Knowing What Resonates

Although I have always been an enthusiastic reader, the variety, pace and range of reading that I do now astounds me. After one year of full intellectual contact with online media, I see distinct patterns emerging that determine which content will likely earn a favorite star or be retweeted to my co-learners/explorers.  Five distinct characteristics stand out:

1. I value authors who show their humanity in a palatable and potentially endearing way. No strip tease or outrageous confessions, just individuals who can describe their struggles and victories with a degree of humility, grace and often humor. Pernille Ripp does this extremely well whether she’s writing about her classroom or her living room, it’s all very real and reflective without being creepy. John Spencer (@edrethink) also has knack for thoughtful sharing that is personal and often professionally relevant.

2. System skeptics will inherit the earth even though it’s not really what they wanted in the first place. My heart beats for these perpetual disrupters; the folks who shake their heads, fists or both at the prevailing order and write, write, write, making others uncomfortable with their unforgiving questioning.  Divergent thinking, floating alternatives, and leaving nothing sacred are the hallmarks of this unquiet riot. One of my favorite education system skeptics is Terry Heick.
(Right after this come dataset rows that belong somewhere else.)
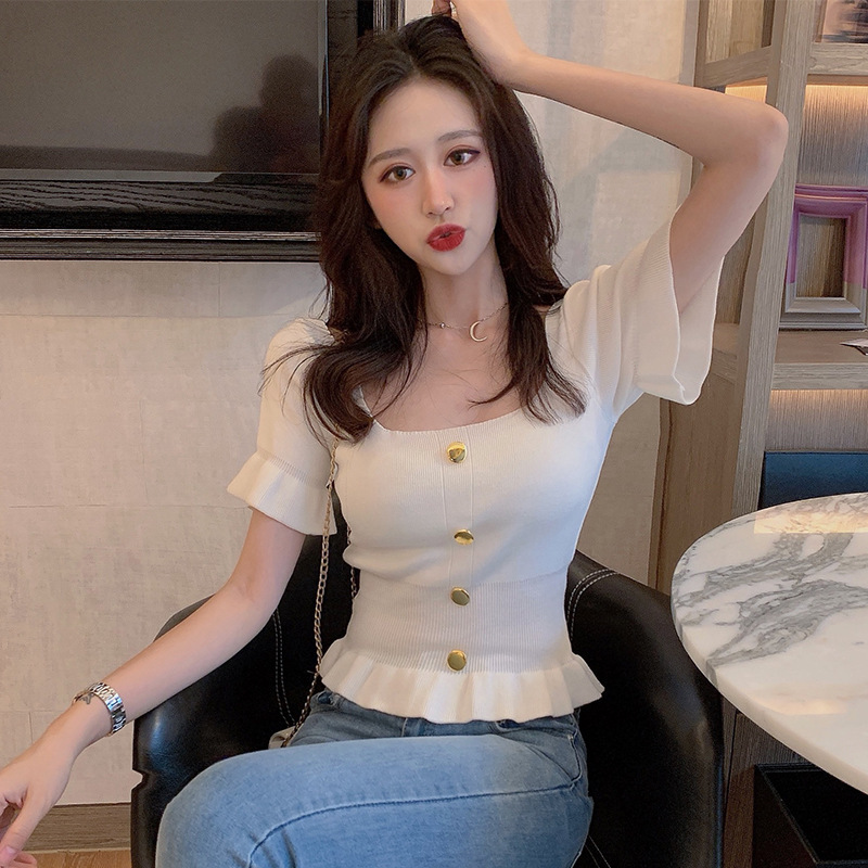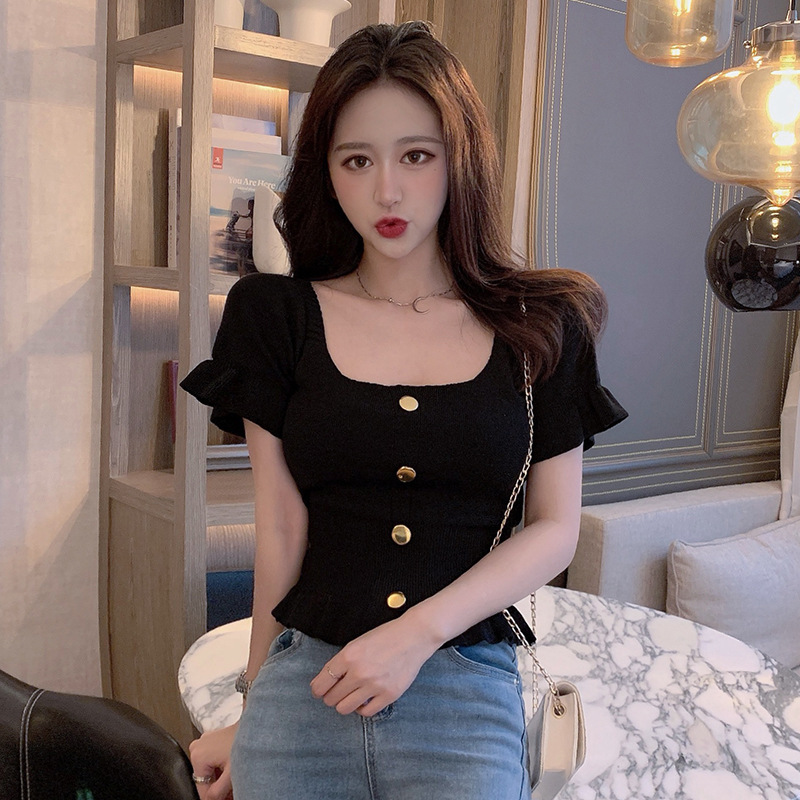 봄과 여름 아이스 실크 쇼트 탑 니트 반팔 티셔츠 여성용 칼라 러플 하이 허리 배꼽 프렌치 셔츠 탑스토어 가기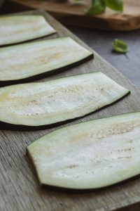 Baklažán nakrájame na tenké plátky, osolíme a necháme 15 minút odpočívať, aby pustil prebytočnú vodu a horkosť. Potom ho osušíme papierovým obrúskom.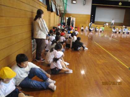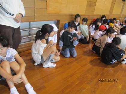 1年生の初めてのシャトルランに5年生はお手伝いに行きました。ペアの子の回数を数えたり、回数を重ねるためのコツを教えたりしていました。1年生と優しく関わり合う姿が見られました。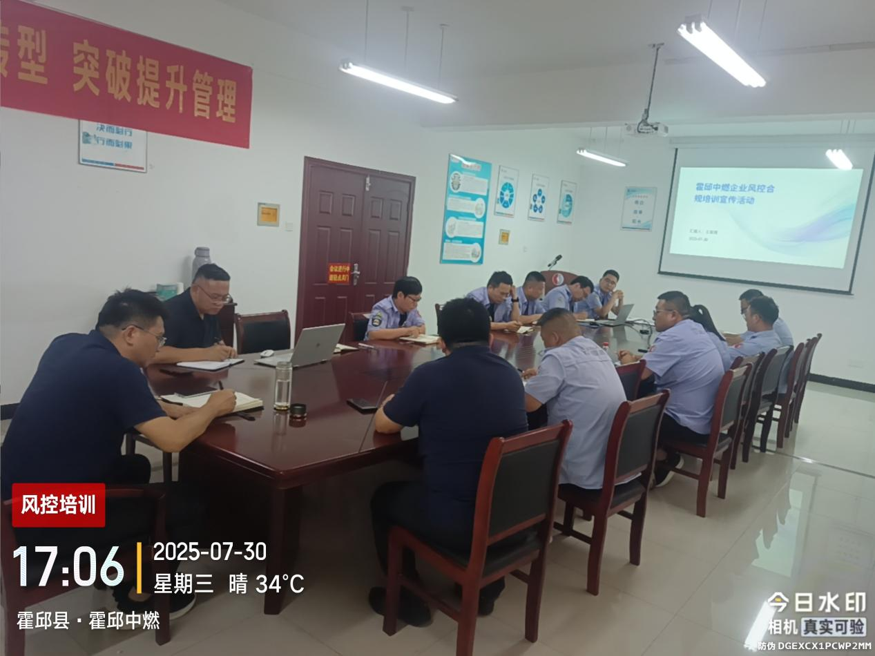 2025年7月30日,霍邱中燃組織召開(kāi)2025年度風(fēng)控合規(guī)專題培訓(xùn)會(huì)。本次培訓(xùn)以“強(qiáng)化風(fēng)控合規(guī)意識(shí),人人都是風(fēng)控員”為主題,公司主管級(jí)以上人員參加,通過(guò)案例剖析、制度解讀與情景模擬相結(jié)合的方式,全面提升全員風(fēng)險(xiǎn)防控能力,切實(shí)防范經(jīng)營(yíng)風(fēng)險(xiǎn)。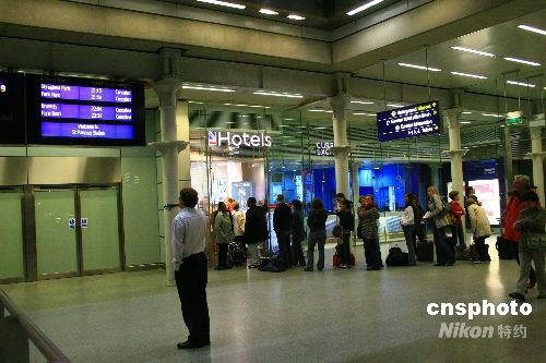 圖為11日晚,警察封鎖了歐洲之星火車的出發(fā)站臺(tái),現(xiàn)場有乘客焦急等候。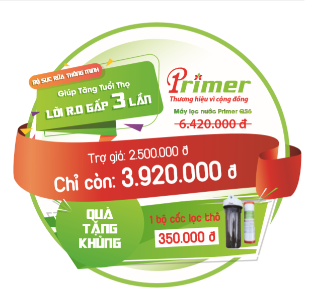 Primer trợ giá 2.500.000 vnđ Máy lọc nước QS6- công nghệ gầm bếp hiện đại. Chỉ còn mua với giá 3.920.000 vnđ áp dụng trên toàn quốc. Thời gian kết thúc trợ giá là 31/8/2020.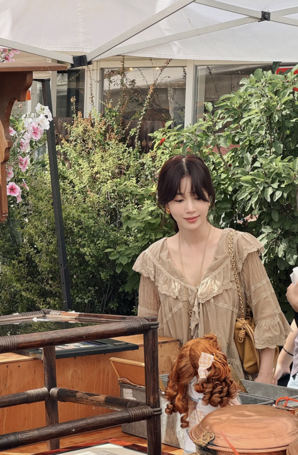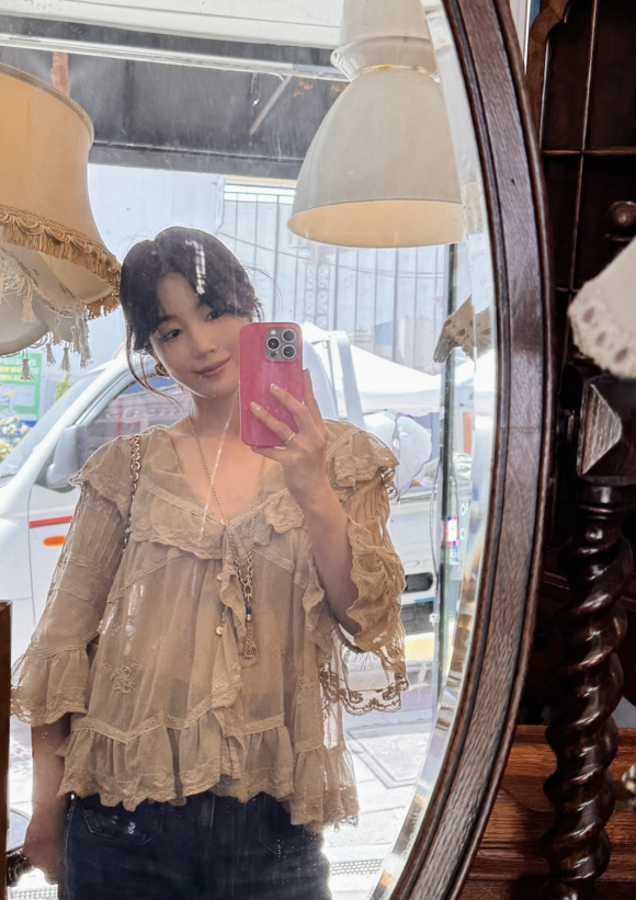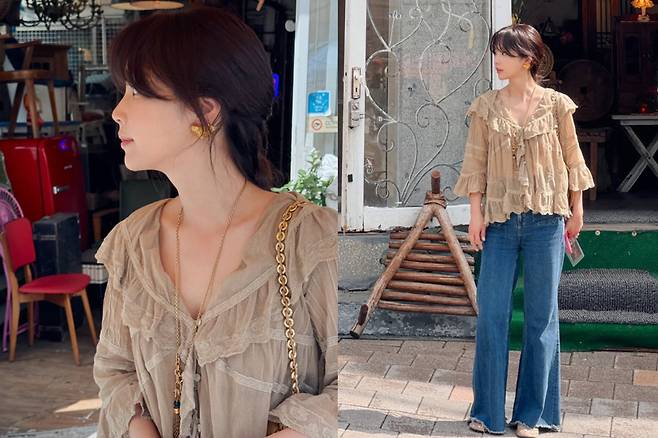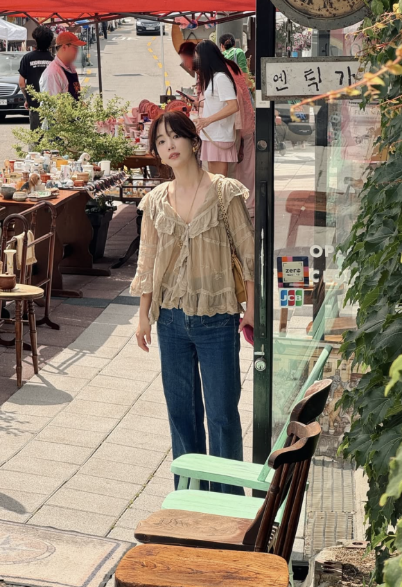 기은세는 이번 블라우스를 엔틱가구 거리라는 독특한 배경과 조화롭게 스타일링하며, 빈티지한 무드를 더욱 강조했다.

His posts at TeachThought often require 2 or 3 read-throughs in order for me to take in the full depth of his arguments. Raising questions like “What is quality?” or “What’s Best for Kids?” demands a capacity for big picture thinking coupled with an appreciation for the supporting details that make it all go. Grant Lichtman is another agitator for change who has mapped out some very real options for alternative routes in his book, EdJourney.

3. The polemicists.  These authors take debatable positions and in doing so invite discussion with and among readers.  Although I am not a fan of formal debate, when I read an article or blog post that touches a nerve, then I also read a number of comments to get a sense of how others have responded. This practice has truly invigorated my reading in unexpected ways. Having a window into other people’s thinking about the same text has touched off some tremendous learning on my part. And it has allowed me to discover my own comment voice. Tom Whitby of edu fame tends to take strong positions especially with regard to educators and their need to get connected in order to remain relevant.  I agree with him on many points and  I have also disagreed with an idea or two. What is new is that I now take the liberty of speaking up, either in the comment section or even in a separate blog post.  And that experience of daring to hold and also publicly share a dissenting opinion has been both liberating and empowering. Learning to disagree without becoming disagreeable has broadened and sharpened my thinking.  Also check out Jose Vilson for his powerful arguments and the way he addresses opposing views; business and art in the same post.

4. Clarity of purpose and encouragement as a professional mission will get me every time. Two experts who emulate this  are Elena Aguilar and Angela Watson. Both are authors in the educational realm and  each offers unique means to help educators find their inner resources to sustain and grow their practice.  Todd Nesloney (@techninjatodd) also does an amazing job of appreciating and acknowledging his school community even as he spreads that positive
impact around the world. He is clear about his purpose and it shows. I think he must have one of the highest good news quotients on twitter. Worth following.  And sometimes I just stop by cult of pedagogy because Jennifer Gonzales is so remarkably  gracious and personable in all her communications even as she offers tons of resources to make the teaching life better and better.

5. Beauty
When I catch beautiful writing in its tracks, I try to admire it for longer but it always slips away. That’s why it’s such an intense encounter when it happens, like a sudden kiss. Beauty can be funny, come-as-you-are, full of surprise, wearing a hint of mystery – the point is, I never know where beauty will appear – in which post, on which platform, from which author. A short story like this can change my day with the laughter it unleashes.  Sometimes, it’s a picture or a short video, just something that reminds me how amazing this whole “inhabiting the planet earth” narrative is day after day, hour by hour.

2 thoughts on “Knowing What Resonates

  1. Sherri, thank you! I am really honored to be included in this list. I’m familiar with about two-thirds of the people you’re referencing here (and I completely agree with your assessment of them), and will use this post as a “To Do” list for others to check out soon.

    I’m struck over and over again at the beauty of YOUR writing; you just put things in a way that makes me stop and re-read passages. That is something I rarely see online anymore, I guess because so many of us are in a rush to PRODUCE!

    Anyway, thanks for a thoughtful and lovely post. Have a great week!